[Records to process]
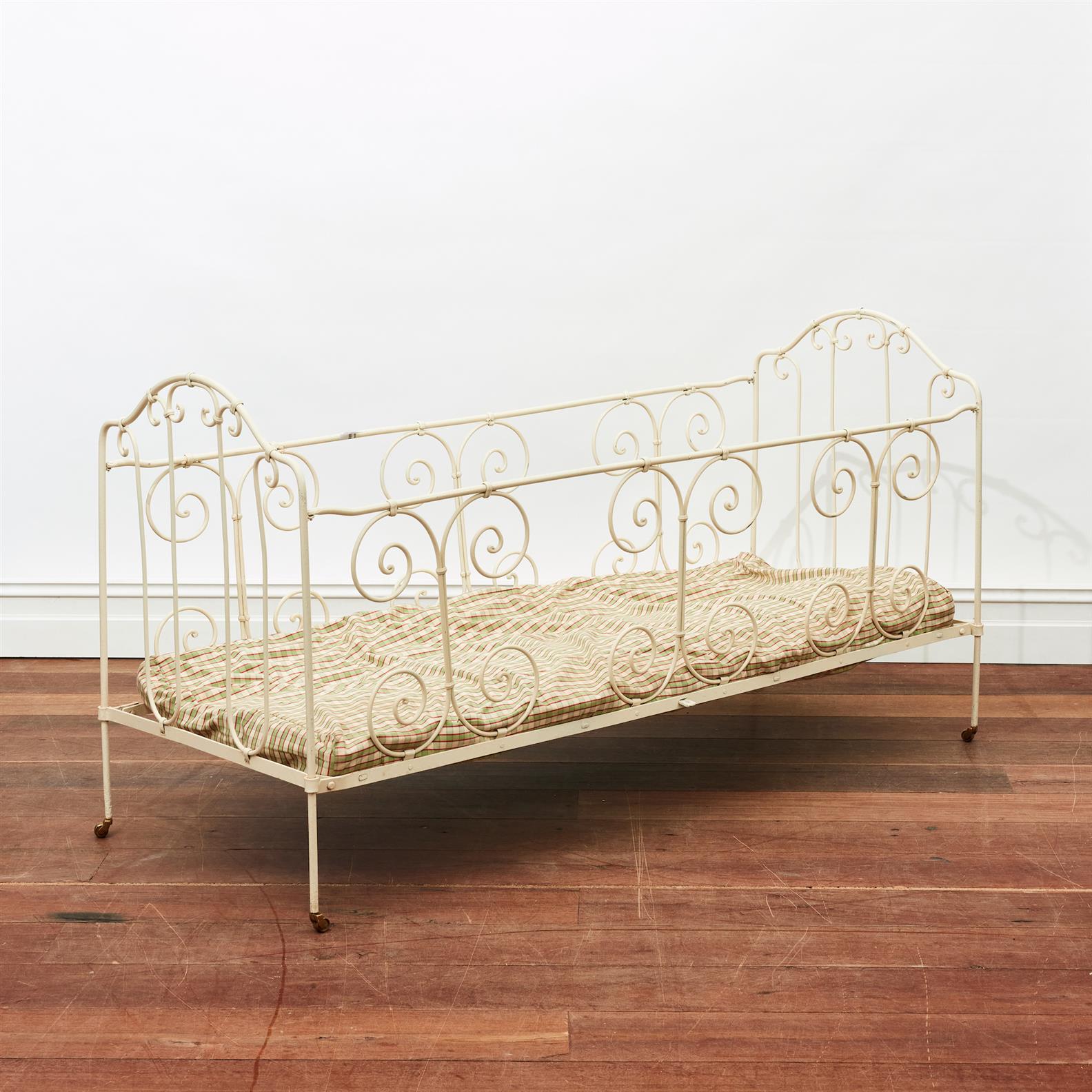 A FRENCH WROUGHT IRON FOLDING COT, ON BRASS CASTORS
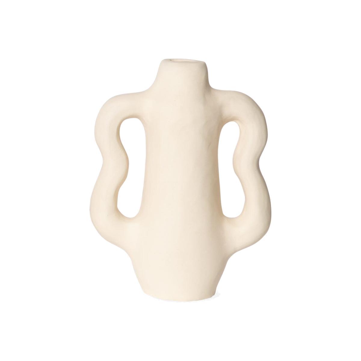 This Alesi vase carved by Annabel Cucuz is a herald of the rich ceramic history of her hometown. Growing up in Staffordshire, the heart of Britain’s pottery industry, it was a natural choice for her to use clay as the medium of her artistic sculptures. Entirely handmade, this Alesi vase uses organic shapes through simple, curved design and two handles. Brought to life in a gentle magnolia colour, this vase is an exquisite piece for any modern home.
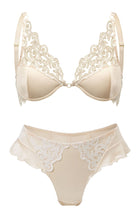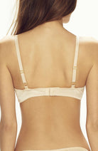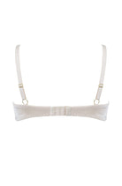 Delicate underwired bra with lightly padded cup to provide shape and support. Adjustable straps with gold coloured metal fittings. Lovely lace and centre ring detail. Hook and eye fastener at the back with three adjustment positions.
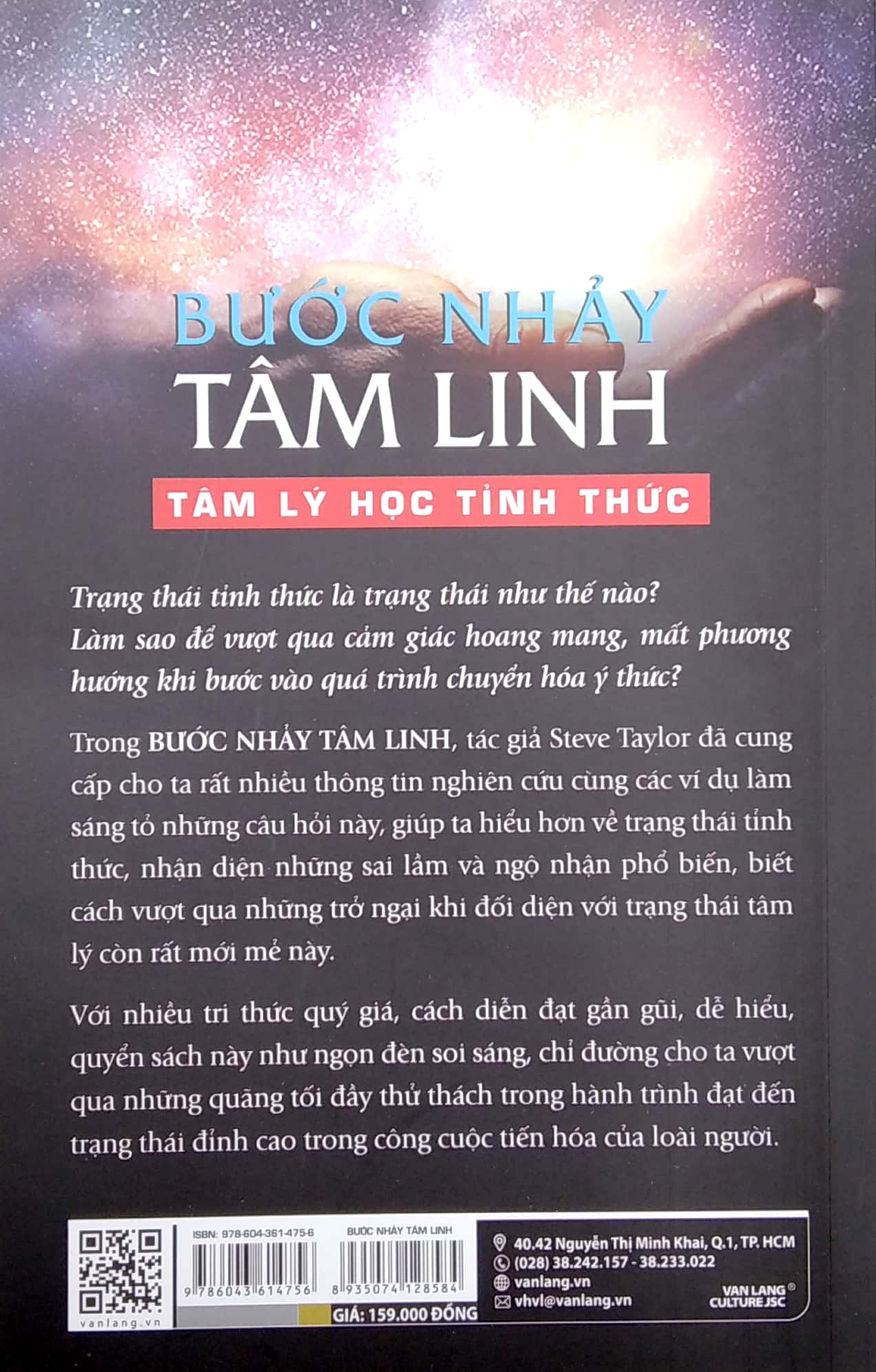 Trong BƯỚC NHẢY TÂM LINH, tác giả Steve Taylor đã cung cấp cho ta rất nhiều thông tin nghiên cứu cùng các ví dụ làm sáng tỏ những câu hỏi này, giúp ta hiểu hơn về trạng thái tỉnh thức, nhận diện những sai lầm và ngộ nhận phổ biến, biết cách vượt qua những trở ngại khi đối diện với trạng thái tâm lý Còn rất mới mẻ này.
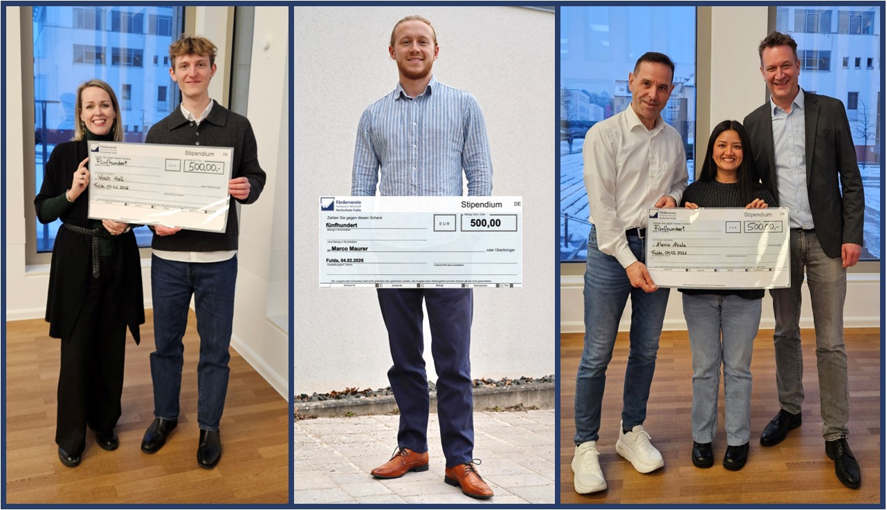 Der Förderverein des Fachbereichs Wirtschaft hat im Wintersemester 2025/2026 erneut drei Stipendien in Höhe von je 500 € vergeben. Gefördert werden Studierende, die ein Auslandssemester oder -praktikum absolvieren oder geplant haben. Die Stipendienvergabe fand am 4. Februar 2026 an der Hochschule Fulda statt. Ausgezeichnet werden Alexia Alcala, Noah Heil und Marco Maurer, die durch ihr besonderes Engagement, ihre internationale Ausrichtung und ihre vielfältigen Aktivitäten im Studium und darüber hinaus überzeugen.
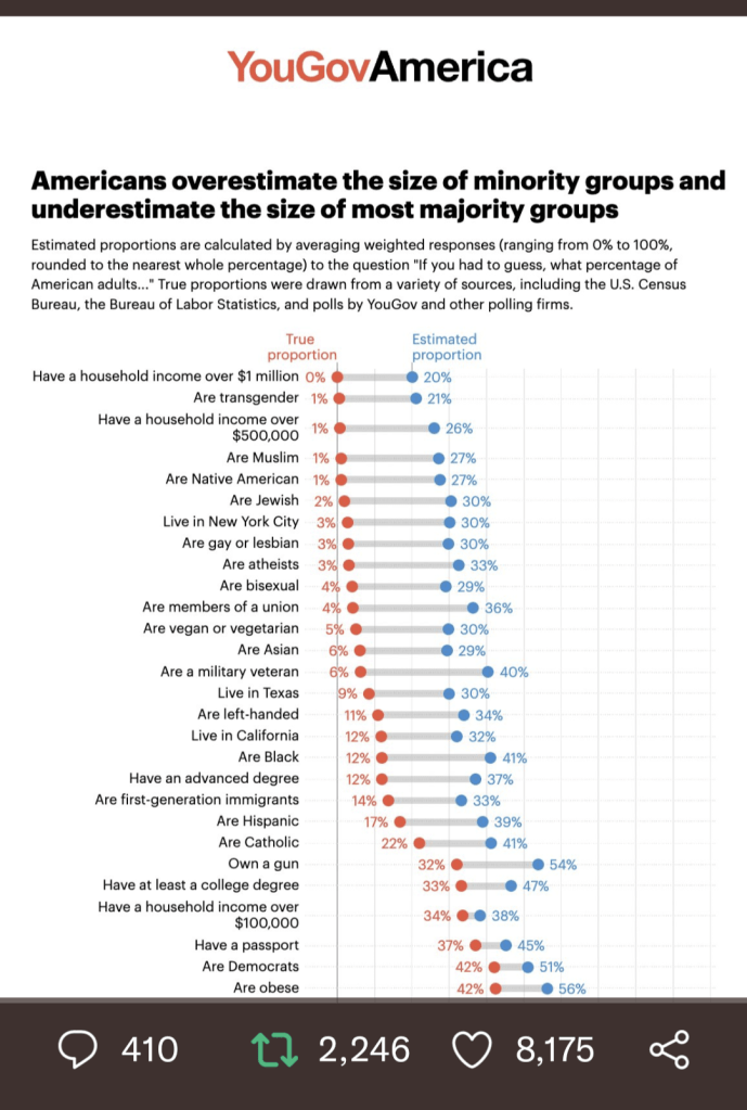 2. The amount of power granted “leaders” who gin up fear around Muslim & LGBTQ Americans, given their extraordinarily small numbers, is frightening. Fear and Loathing of the “other” has become a monstrous feature of the American operating system.

[What is needed] Every line from the one holding "Der Förderverein des" through the final line of the data above is to be reproduced exactly, both ends included, with the pictures left out.

[Output for this exercise]
 Der Förderverein des Fachbereichs Wirtschaft hat im Wintersemester 2025/2026 erneut drei Stipendien in Höhe von je 500 € vergeben. Gefördert werden Studierende, die ein Auslandssemester oder -praktikum absolvieren oder geplant haben. Die Stipendienvergabe fand am 4. Februar 2026 an der Hochschule Fulda statt. Ausgezeichnet werden Alexia Alcala, Noah Heil und Marco Maurer, die durch ihr besonderes Engagement, ihre internationale Ausrichtung und ihre vielfältigen Aktivitäten im Studium und darüber hinaus überzeugen.
 2. The amount of power granted “leaders” who gin up fear around Muslim & LGBTQ Americans, given their extraordinarily small numbers, is frightening. Fear and Loathing of the “other” has become a monstrous feature of the American operating system.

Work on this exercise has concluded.